Canada needs a more comprehensive innovation framework

By: Harry Sharma, Michael Burt

This Op-Ed was originally published by The Hill Times of Ottawa on November 11, 2019.


Canada has an innovation challenge. For decades, growth in our productivity, or what we are able to produce with our available resources, has lagged behind that of most developed countries, and innovation is a key driver of productivity growth. This poor performance matters, as it limits our competitiveness and our ability raise living standards over time. It is also an indication that our policies designed to improve innovation have not been effective. As such, there is a strong need for a new approach.

Innovation conundrum

We broadly define innovation as a process which extracts socio-economic value from knowledge. It is widely accepted among policy makers, business executives and researchers that innovation is important to the success of firms and well-being of communities, regions, and countries. Firms that innovate successfully enhance their competitiveness. Countries and provinces with robust innovation ecosystems see improvements in productivity, economic growth, and job creation.
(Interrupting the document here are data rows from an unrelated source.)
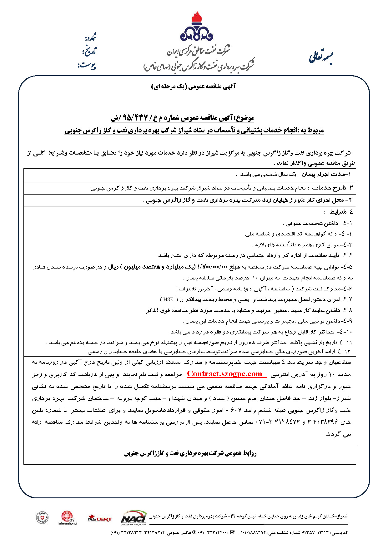 مربوط به :انجام خدمات پشتیبانی و تأسیسات در ستاد شیراز شرکت بهره برداری نفت و گاز زاگرس جنوبی نوع مناقصه شماره م ع/ 437/95 /ش سازمان مرکزی شرکت بهره برداری نفت و گاز زاگرس جنوبی سازمان برگزار کننده شرکت بهره برداری نفت و گاز زاگرس جنوبی نوع برگزاری موضوع حوزه فعالیت توضیح مختصر قیمت پیوست 0 تومان وضعیت انقضا اطلاعات تکمیلی واحدپولی برآورد مالی ریال محدوده داخلی وضعیت برگزاری عادی اطلاعات اسناد مهلت دریافت سند ۳۰ خرداد ۱۳۹۵ ۰۷:۰۷ محل دریافت اسناد استان: فارس, شهر: شیراز متقاضیان واجد شرایط بند 4 میبایست جهت اخذپرسشنامه و مدارک استعلام ارزیابی کیفی از اولین تاریخ درج آگهی در روزنامه به مدت 10 روز به آدرس اینترنتی contract.szogpc.com مراجعه و ثبت نام نمایند و پس از دریافت کد کاربری و رمز عبور و بارگزاری نامه اعلام آمادگی جهت مناقصه عطفی می بایست پرسشنامه تکمیل شده را تا تاریخ مشخص شده به نشانی شیراز- بلوار زند – حد فاصل میدان امام حسین ( ستاد ) و میدان شهداء – جنب کوچه پروانه – ساختمان شرکت بهره برداری نفت وگاز زاگرس جنوبی طبقه ششم واحد 607 - امور حقوقی و قراردادهاتحویل نمایند و برای اطلاعات بیشتر با شماره تلفن های 32138396 و 32138473-071 تماس حاصل نمایند. پس از بررسی پرسشنامه ها به واجدین شرایط مدارک مناقصه ارائه می گردد. اطلاعات پیوست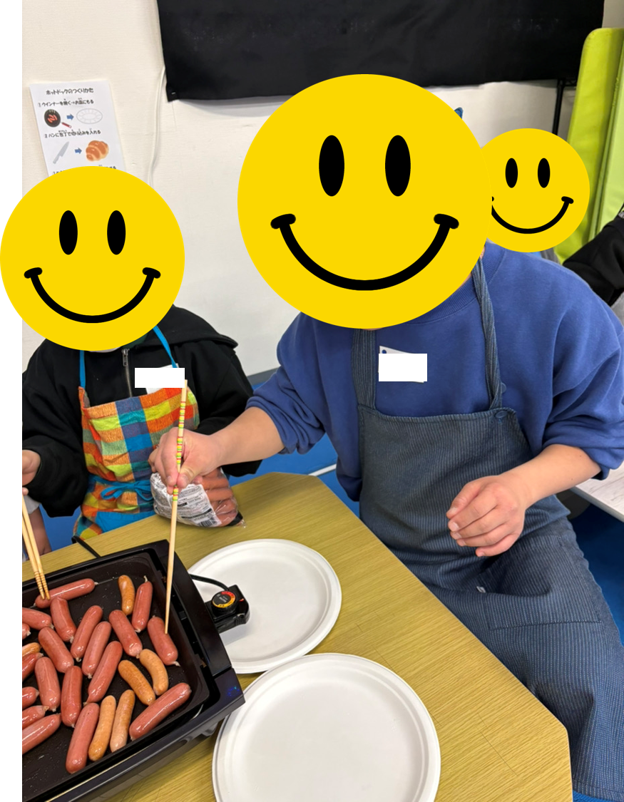 「ホットドック」担当はパンに包丁で切り込みを入れたり、ウインナーを焼いてくれました!
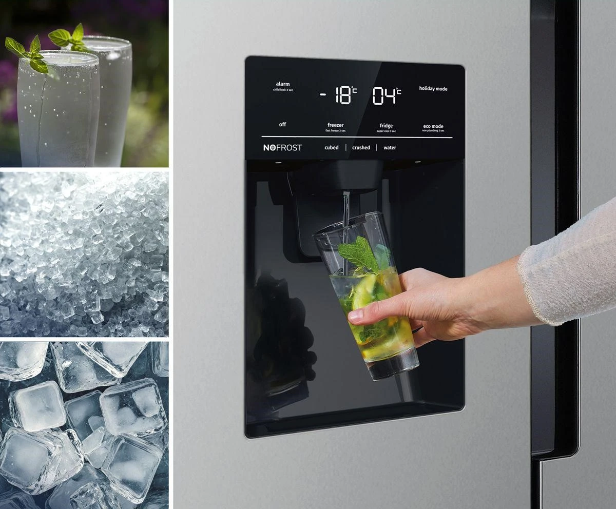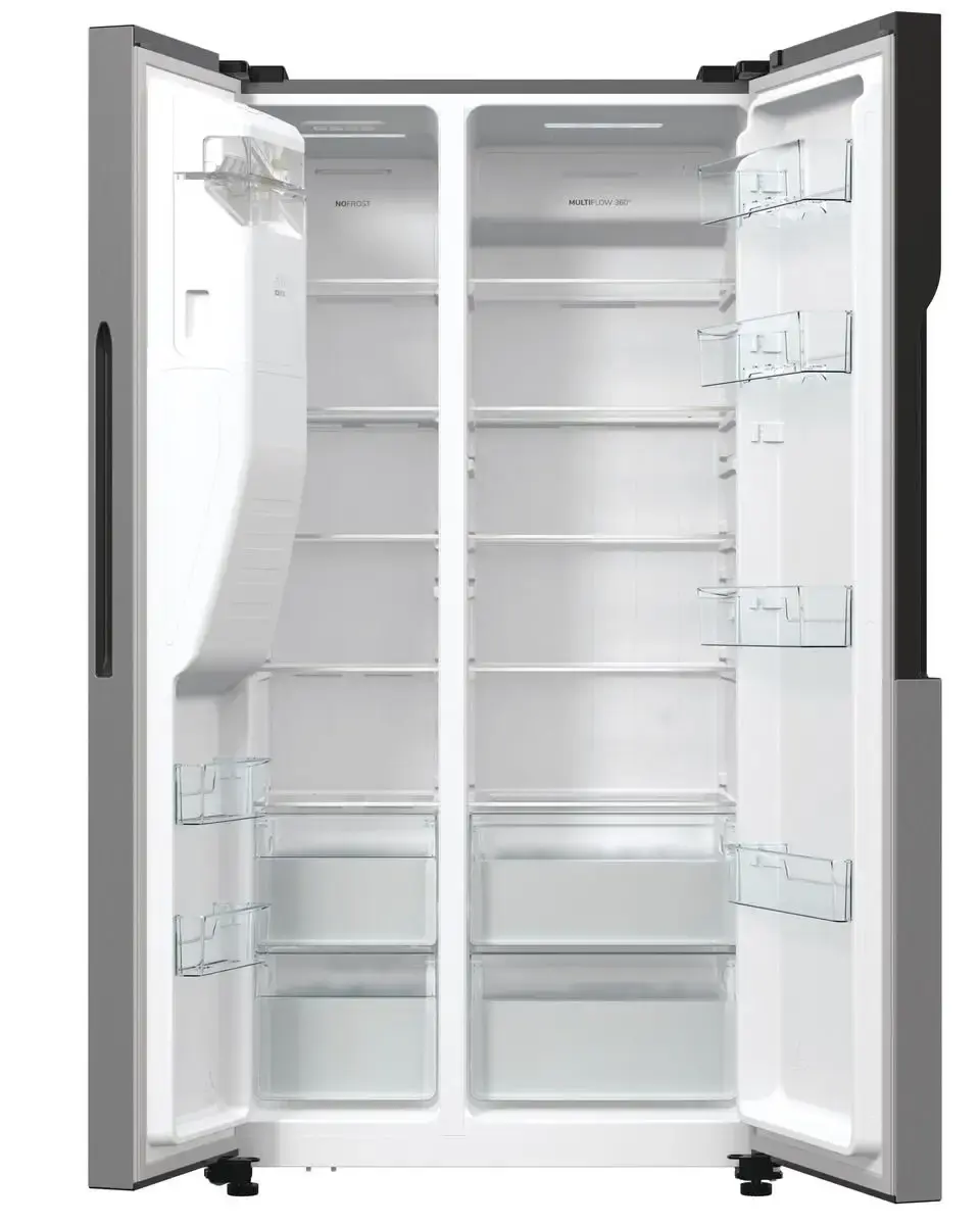 Холодильник SBS Gorenje NRR9185ESXL1 – сучасна модель із великим об’ємом та передовими технологіями збереження свіжості. Простора шухляда CrispZone забезпечує оптимальні умови для фруктів і овочів. FastFreeze заморожує продукти при -24°C, зберігаючи корисні речовини. MultiFlow 360° рівномірно розподіляє холодне повітря, а система NoFrost запобігає утворенню інею. Інверторний компресор знижує шум і споживання енергії. Додаткові функції, такі як EcoMode, режим «Відпустка», світлодіодне освітлення та дозатор для води, роблять використання холодильника ще комфортнішим та економічнішим.

Many reasons have been suggested for Canada’s below-par innovation performance. For example, Peter Nicholson proposed that we are in a “low-innovation equilibrium,” where Canada’s upstream role in North American value chains have allowed us to maintain a high standard of living despite our poor innovation performance. Another commonly cited reason is a general lack of a “culture of innovation”. The CBoC’s latest Innovation Report Card gives Canada a “C” grade and ranks it 12th among 16 international peers.
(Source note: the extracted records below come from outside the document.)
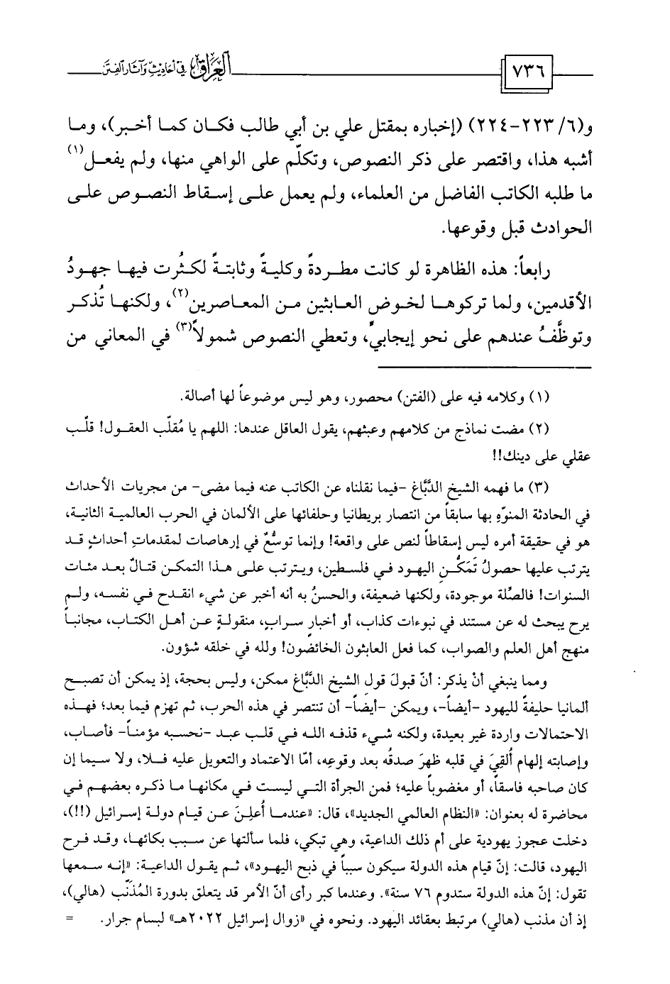 (¬3) ما فهمه الشيخ الدَّبَّاغ -فيما نقلناه عن الكاتب عنه فيما مضى- من مجريات الأحداث في الحادثة المنوّهِ بها سابقاً من انتصار بريطانيا وحلفائها على الألمان في الحرب العالمية الثانية، هو في حقيقة أمره ليس إسقاطاً لنص على واقعة! وإنما توسُّعٌ في إرهاصات لمقدماتِ أحداثٍ قد يترتب عليها حصولُ تَمَكُّنِ اليهود في فلسطين، ويترتب على هذا التمكن قتالٌ بعد مئات السنوات! فالصِّلة موجودة، ولكنها ضعيفة، والحسنُ به أنه أخبر عن شيء انقدح في نفسه، ولم يرح يبحث له عن مستند في نبوءات كذاب، أو أخبارٍ سرابٍ، منقولةٍ عن أهل الكتاب، مجانباً منهج أهل العلم والصواب، كما فعل العابثون الخائضون! ولله في خلقه شؤون.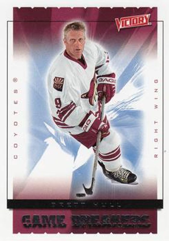 The Brett Hull 2005 Upper Deck Victory #GB34 Game Breakers card is 1 of 7 Brett Hull's card variations in the 2005 Upper Deck Victory set being tracked by Sports Card Investor, including Base, Silver /250, Gold /100, Black /5, and Blow up Cards.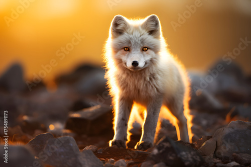 © photosaint, Fototapeta premium Arctic fox exploring rocky terrain during the golden hour in a frozen landscape

We believe that a systematic application of our updated framework will shed light on previously unidentified gaps on the demand side of innovation—where firms use innovation to gain competitive advantage.
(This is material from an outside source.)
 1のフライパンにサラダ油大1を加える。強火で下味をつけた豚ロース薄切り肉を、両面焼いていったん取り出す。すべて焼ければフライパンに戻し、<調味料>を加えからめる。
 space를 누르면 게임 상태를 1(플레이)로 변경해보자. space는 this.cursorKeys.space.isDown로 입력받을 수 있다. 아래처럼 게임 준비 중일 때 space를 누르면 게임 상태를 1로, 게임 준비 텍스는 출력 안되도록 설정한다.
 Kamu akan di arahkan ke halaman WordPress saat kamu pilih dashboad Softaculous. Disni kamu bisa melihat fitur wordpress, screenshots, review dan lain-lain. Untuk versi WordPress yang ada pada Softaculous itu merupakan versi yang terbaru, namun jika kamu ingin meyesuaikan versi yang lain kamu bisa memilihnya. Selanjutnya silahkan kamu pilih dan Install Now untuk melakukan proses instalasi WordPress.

In our analysis over the years, we have observed that Canada’s innovation challenges stem from a mediocre “handover” performance—while Canada performs well on publicly-funded research and education indicators, it needs to do much better in turning research into globally successful products/services and sustainable growth. The latter has been Canada’s “bigger” weakness. While we produce almost 4% of the world’s research output and rank relatively high on creation of start-ups, Canada has had a mixed record on sustaining successful innovative companies. For example, Canada has a disproportionally low number of “unicorns”—companies that are valued at $1B or more—compared to other leading jurisdictions.

A more comprehensive framework

To better understand this underlying Canadian innovation challenge, the CBoC is updating its innovation assessment framework by integrating the OECD’s recent recommendations on capturing “business capabilities for innovation”. Our framework will continue to measure input ?? (e.g. investments in R&D) and output (e.g. patents) measures, but we will additionally begin to incorporate an ecosystem’s (and firms’) capabilities for innovation and sustaining growth.

Capabilities to be included in our framework are management, human resources, skills, technological, sales, and access to core markets. These capabilities form the core of a firm’s competitive advantage as they represent a firms’ competitive strategy and its organizational and managerial capabilities to implement the strategy. For example, the human resources capability includes talent management that considers if a firm has recruitment processes to emphasize finding individuals with creative skills and retaining them through incentives and career development opportunities. Research has consistently demonstrated that talent management practices significantly influence a firm’s ability to maintain its growth momentum.

We are working with public, private and academic sectors to develop appropriate indicators to represent the required capabilities.

New levers for decision makers

We believe that a systematic application of our updated framework will shed light on previously unidentified gaps on the demand side of innovation—where firms use innovation to gain competitive advantage. Canada has, correctly, relied on trade diversification and international market access as key demand-side innovation policy levers. We must, now, look deeper and consider internal capabilities of Canadian firms to ensure that they are able to fully benefit from increased market access.

Our plan is to conduct an annual, country-wide assessment of Canadian organizations based on our updated framework. This will help establish a baseline and allow us to track Canada’s capabilities to sustain the growth of its companies by industry, jurisdiction, firm size, and age. The updated framework will also be internationally compatible and enable Canadian jurisdictions and firms to benchmark themselves against leading global innovation performers.

Conclusion

As a country, we must effectively leverage our research and skills strengths into an innovation advantage. We believe that incorporation of internal firm capabilities in the assessment framework will helps us expand the lens and better understand Canada’s innovation challenges. Newly identified challenges will lead to development and implementation of new policies, programs and networks and improve Canada’s lagging innovation performance and make it a more globally competitive economy.